Additional considerations
* Multicast may be available
* Gateways are not competitors

Discussion: Is this what people had in mind for Gateway Registration Protocol? Henning said that this may be a slightly different problem, thus perhaps a different protocol may be applicable. Jonathan replied that this doesn't seem to be intra-domain - it appears to be inter-domain. Columbia owns the policy. From a carrier's perspective, the "Gateways are not competitors isn't applicable" and points to this being a different problem. Thus, the requirements introduced by this scenario don't seem to apply.

Henning replied that the requirements are looser, but that doesn't mean the same protocol wouldn't apply.

Cullen Jennings asked whether this would be delivering availability information. Henning responded yes. Update frequency is a protocol parameter that depends on the size of the network. A question was made as to whether, in the model, you expect capacity updates to be sent to all proxies out there? If you expand connectivity, you don't want this data to go to all servers. Not scaleable. Henning replied that you have the scalability problem regardless. This solution (SLP) might do better as it assumes multicast is available.

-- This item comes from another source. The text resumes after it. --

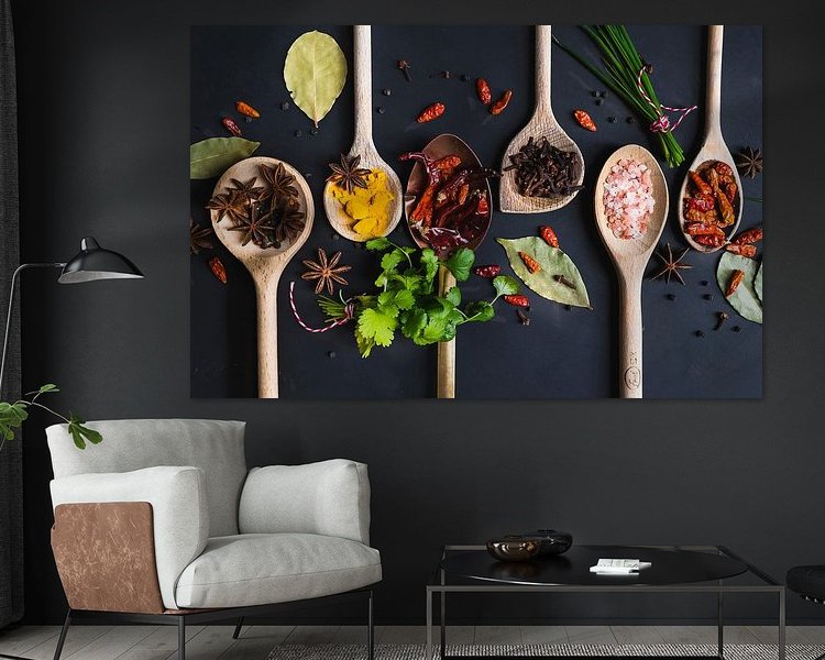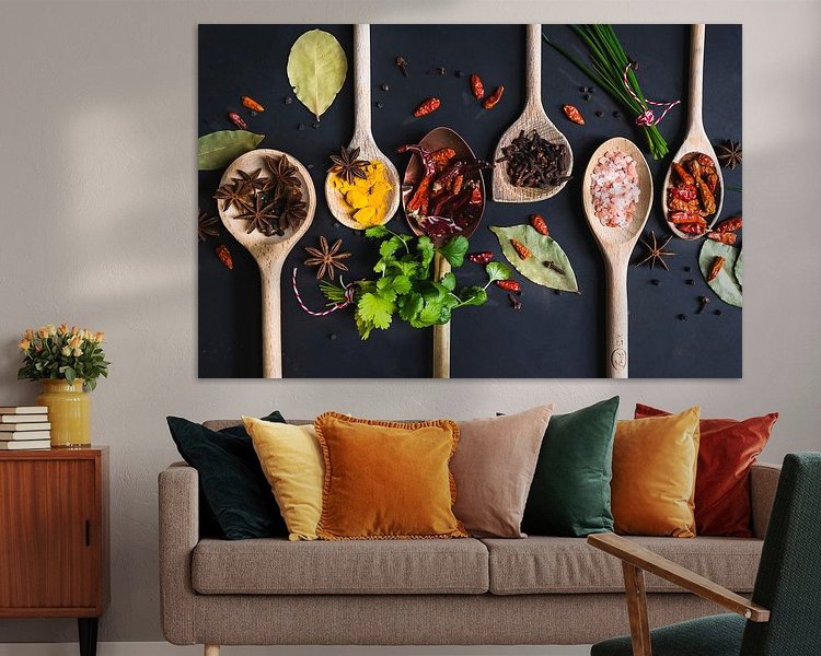 Buy the bestseller photo Spoons of herbs by Corrine Ponsen on canvas, ArtFrame, poster and wallpaper, printed on demand in high quality.

Another question was about the loosely maintained central admin point - you need much more clear boundaries. Henning replied that it doesn't matter where the information resides; it matters who controls the information. Separate administration from policy control. The gateway is the one with the ultimate decision.

Jonathan said that if you want the gateway to register with lots of proxies, then you need multicast. But, for a single service provider, this is NOT a problem. Henning said that you can pick longer intervals if there are lots of updates. It's more of a protocol tuning issue as to how many messages you can tolerate. Unless protocol has a built in restriction on message frequency. Only really difference is per message overhead (eg. TCP connection setup). Not an issue. Jonathan said that if you're concerned with lots of elements, then certainly multicast is desireable. For a smaller amount of elements, TCP is fine. Henning said that his proposal supports any mechanism. Jonathan said that TRIP doesn't support UDP. Thus, if you need lots of updates, then you are adding an additional requirement. You've got to limit scenarios and limit scope of solution.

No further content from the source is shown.